Dalam konteks perdebatan mengenai regulasi kemasan makanan di Indonesia, Ketua PWI Jaya, Sayid Iskandarsyah, menekankan pentingnya pendekatan yang komprehensif. Dia berpendapat bahwa kebijakan semacam ini tidak dapat hanya membidik satu produk saja, melainkan harus memperhitungkan semua aspek yang terlibat.
Namun, apakah rencana regulasi BPOM mengenai pelabelan BPA pada kemasan makanan benar-benar merata? Mari kita simak kesimpulan dari pandangan beragam ahli dan pemangku kepentingan.
Ketua PWI Jaya: Regulasi Kemasan Makanan Harus Merata dan Adil
Ketua PWI Jaya, Sayid Iskandarsyah, menyampaikan pendapatnya tentang regulasi kemasan makanan dengan gaya yang sangat manusiawi. Menurut beliau, tidak cukup hanya mengatur satu jenis produk secara terpisah; regulasi harus merangkul semua aspek.
Di samping itu, penting untuk menerapkan standar kesehatan yang ada di Indonesia secara adil, terutama ketika melibatkan perlindungan konsumen. Sayid mengungkapkan bahwa kebijakan yang akan datang pasti akan mengundang beragam pendapat di masyarakat.

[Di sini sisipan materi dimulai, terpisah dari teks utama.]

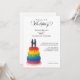 Rainbow cake and elegant script gay wedding invitation
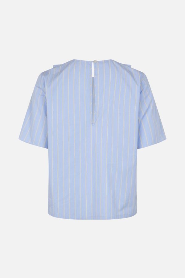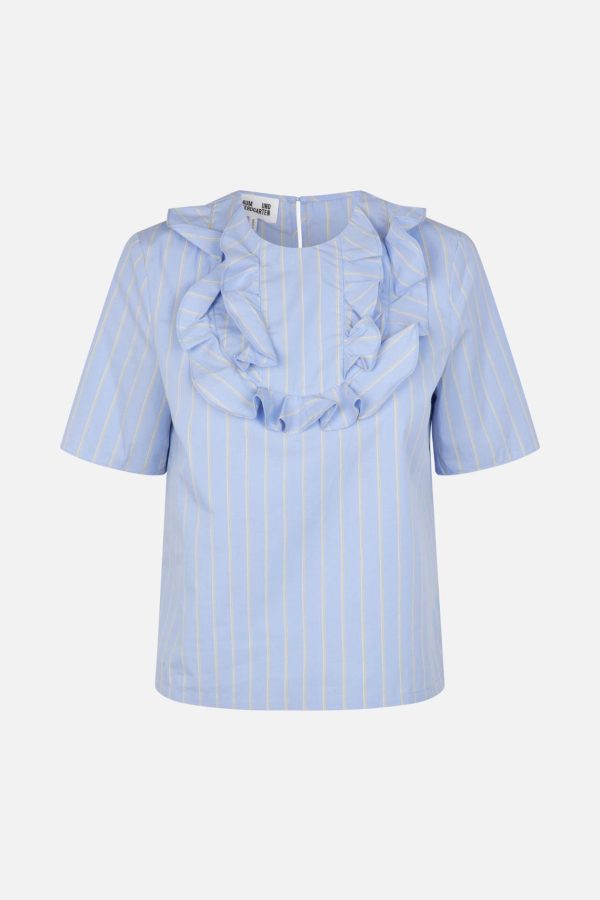 Baum und Pferdgarten Meintje Blouse – Sky Blue Striped Women’s Top with Frill Detail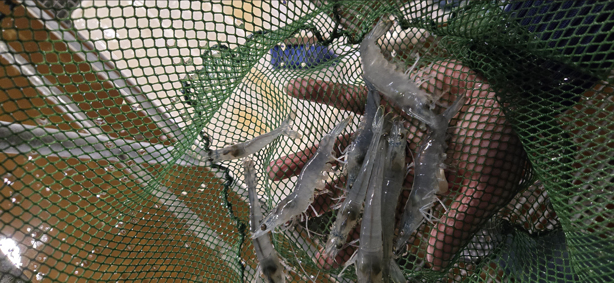 Ein bisschen wie im Aquarium des Berliner Zoos: Die Luft in der Produktionshalle in Glückstadt ist warm und feucht. Die Anlage ist mit ihrer Kapazität die drittgrößte ihrer Art weltweit. Auf einer Fläche von rund 4.000 Quadratmetern wurde hier ein hochkomplexes, geschlossenes Ökosystem geschaffen, das in 13 riesigen Mastbecken insgesamt 4.000 Kubikmeter Wasser beherbergt. Dieses Wasser wird konstant auf tropischen 29 °C gehalten – die ideale Umgebung für die White Tiger Garnele.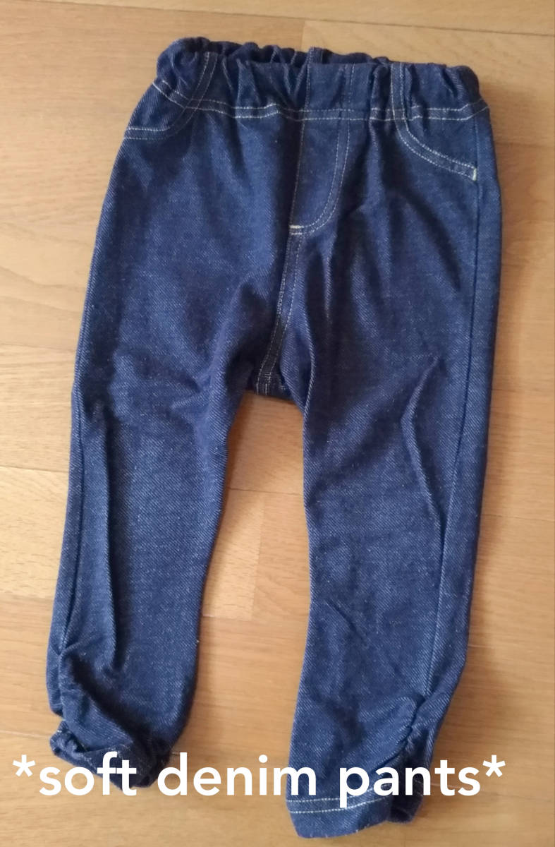 着回し◎ インディゴ 裾くしゅ かわいい★ やわらか デニム パンツ ズボン スパッツ レギンス 80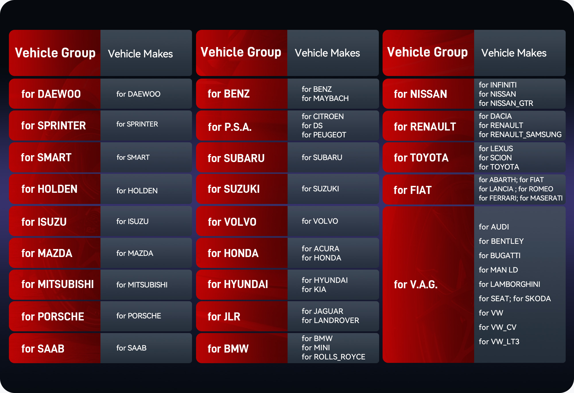 ●Air Conditioner Service: Supports routine maintenance of air condition modules, for example, air conditioning system adaption reset, rese air conditioning compressor, run in air-conditioning compressor, stepper motor initialization.
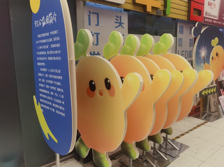 有黃色的星星展板,當(dāng)你舉起來的時候暖暖的色彩立刻就能讓你身處柔和的氛圍中,還有這小黃鴨的卡通展板,讓你如臨童話的世界,有趣的同時,還可以向消費者傳達(dá)這樣一個信號:我們的公益活動希望每個人都能開心參與。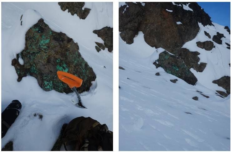 While attempting to access historic trenches (obscured by snow), the field crew observed large boulders with visible malachite on slopes below the historic Main Zone. Two grab samples were collected. These boulders are interpreted as talus likely derived from the Main Zone mineralization upslope, providing additional confirmation of copper mineralization in the area.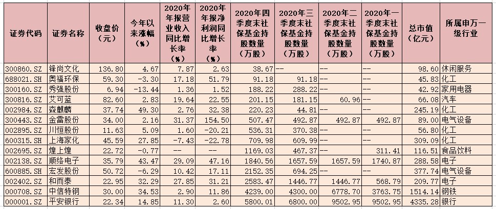 表:社?;?020年四季度末持倉(cāng)14只個(gè)股一覽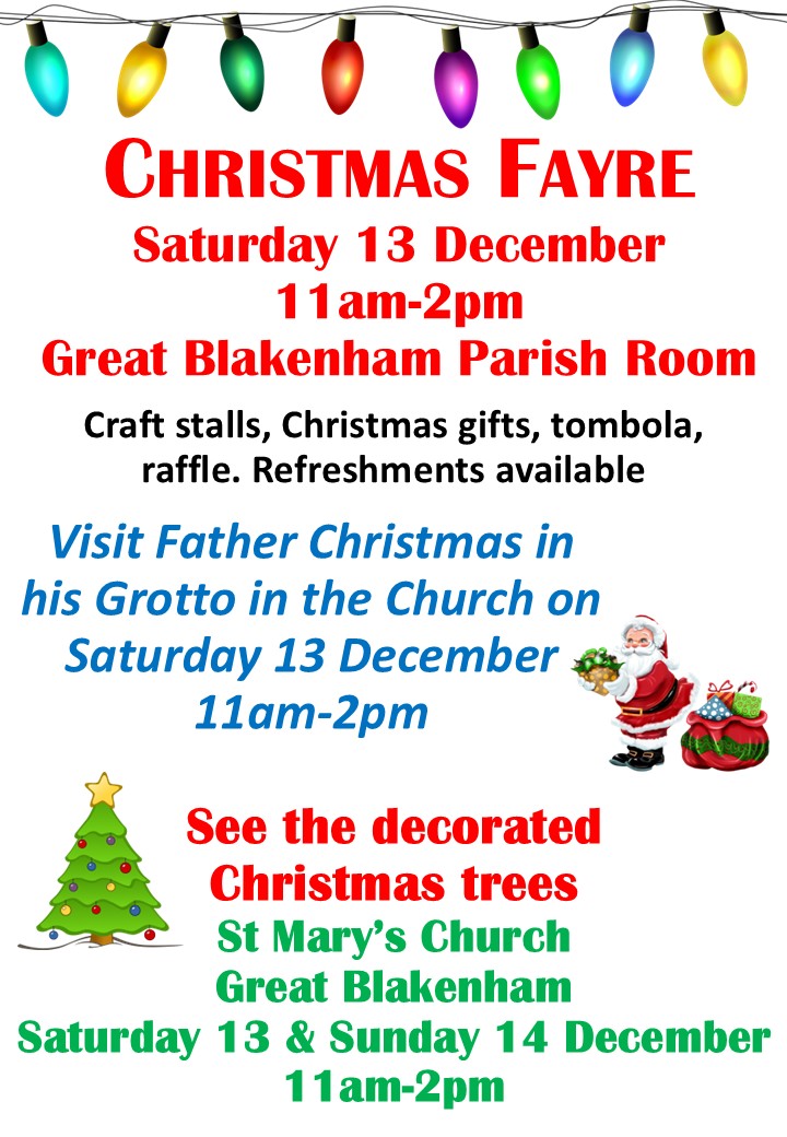 Christmas Fayre in the Parish Room and Trees in the church, visit Father Christmas in his Grotto!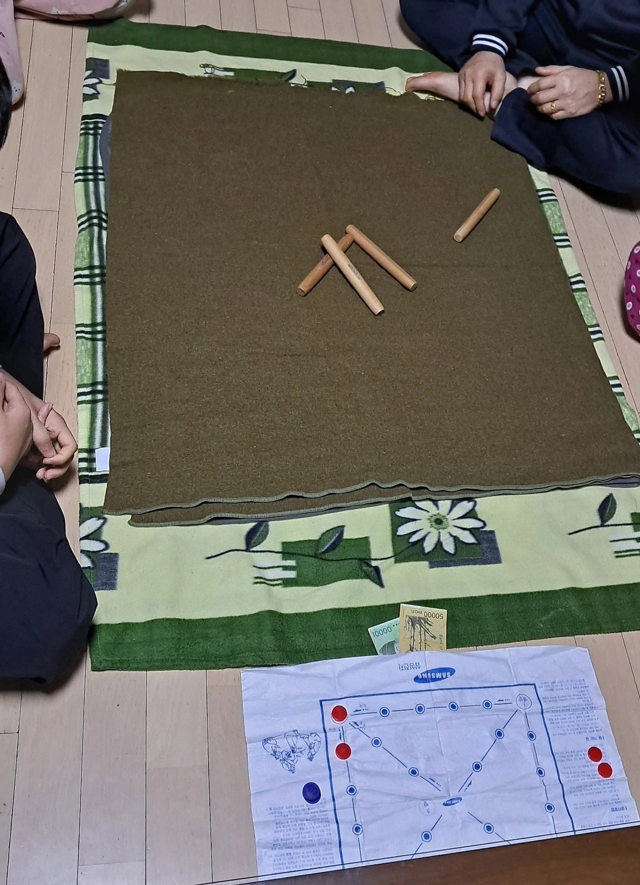 설 같지 않은 정적을 깨려는지 윷놀이를 하자고 하신다. 남편과 중학생 아들, 초등학생 딸이 A팀, 시누, 시아주버님, 시어머님이 B팀이다. 3만 원 내기를 했나 보다. 몸이 아파 승부욕에 찬 우리 집 아이들의 표정을 살피며 관람한다. 새삼 노총각이던 남편이 결혼해서 한 팀을 이룰 만큼 애들을 키운 게 대견하다고 느껴진다. 오늘 보니 우리 집 중학생 아들의 옆모습이 영락없이 남편을 닮아 피식 웃었다. 절대 안 지려고 전략을 이리저리 짜는 모습은 나를 닮았다.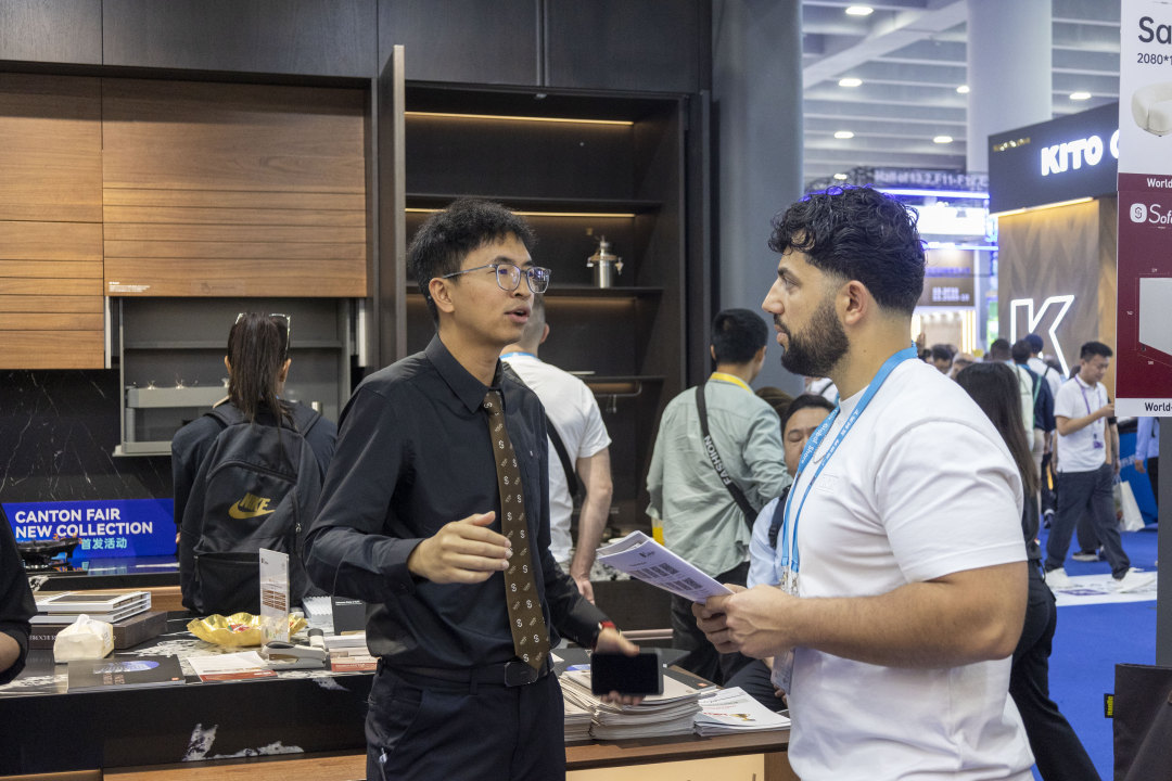 记者走访发现,展馆内,不同肤色的采购商拖着行李箱穿梭于展位之间,时而俯身端详产品细节,时而与参展商交谈问价,各种语言的交谈声此起彼伏。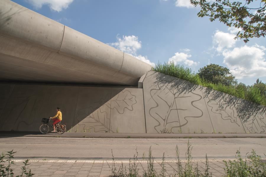 Pięknym przykładem zastosowania takich matryc jest wybudowany pomiędzy Utrechtem i Hilversum w Holandii wiadukt ekologiczny Zwaluwenberg. Ściany przyczółków zdobi tam relief przedstawiający stylizowane liście dębu i żołędzie. Motywy te ujmują swoim prostym, jasnym wzorem linii, których grubość zmienia się i odnosi się wrażenie, jakby były one narysowane ołówkiem do kaligrafii. Stworzona do tego celu odpowiednia struktura NOEliner została na odwrocie zaopatrzona w samoprzylepną folię. Następnie przeprowadzono cięcie żądanych motywów na sterowanych numerycznie ploterach. Dane wektorowe potrzebne do tego celu dostarczyło biuro planistyczne architektów Bosch Slabbers w Hadze. W sumie stworzono 29 różnych motywów. Można je było pozycjonować przy pomocy folii samoprzylepnej jako naklejki na płytach szalunkowych.
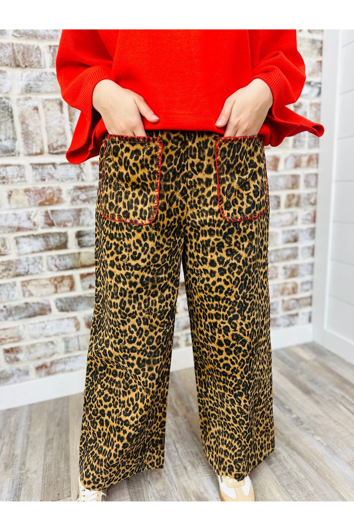 Unleash your inner wild side with these Cheetah pants featuring fierce red stitched pockets. Stand out and make a statement with this playful and stylish addition to your wardrobe. Perfect for adding a pop of fun to any outfit!

Dia menekankan bahwa regulasi yang diterapkan haruslah berpihak pada kepentingan umum, bukan kelompok atau pengusaha tertentu. Ini adalah tanggapan atas rencana Badan Pengawasan Obat dan Makanan (BPOM) untuk menerbitkan kebijakan pelabelan BPA pada kemasan galon.
Menurut Sayid, pelabelan BPA harus diterapkan secara merata, tidak hanya pada kemasan galon, tetapi juga pada jenis kemasan lain yang mengandung BPA, sesuai dengan regulasi yang akan dibuat oleh BPOM.
Dia menyatakan, “Saya menyarankan agar semua kemasan, termasuk plastik dan kaleng, yang mengandung BPA, harus diberi label oleh BPOM.”
Sementara itu, dia juga mengingatkan bahwa sampai saat ini tidak ada informasi yang mengindikasikan adanya kandungan BPA dalam kemasan makanan yang melebihi ambang batas yang aman. Dengan kata lain, kemasan makanan yang ada saat ini masih aman digunakan oleh masyarakat.
Pendapat Ahli dan Pemangku Kepentingan Mengenai Kebijakan BPOM Terkait BPA
Namun, Sayid juga menunjukkan bahwa definisi ‘aman’ ini perlu diklarifikasi lebih lanjut oleh para ahli, termasuk parameter keamanannya.
Sahid Hadi, seorang peneliti Bisnis dan HAM dari Pusat Studi Hak Asasi Manusia UII, mengingatkan agar kebijakan yang akan diterapkan tidak diskriminatif dan harus memberikan kepastian layanan kesehatan kepada seluruh masyarakat. Dia menekankan bahwa kebijakan ini tidak boleh menghasilkan persaingan bisnis yang tidak sehat.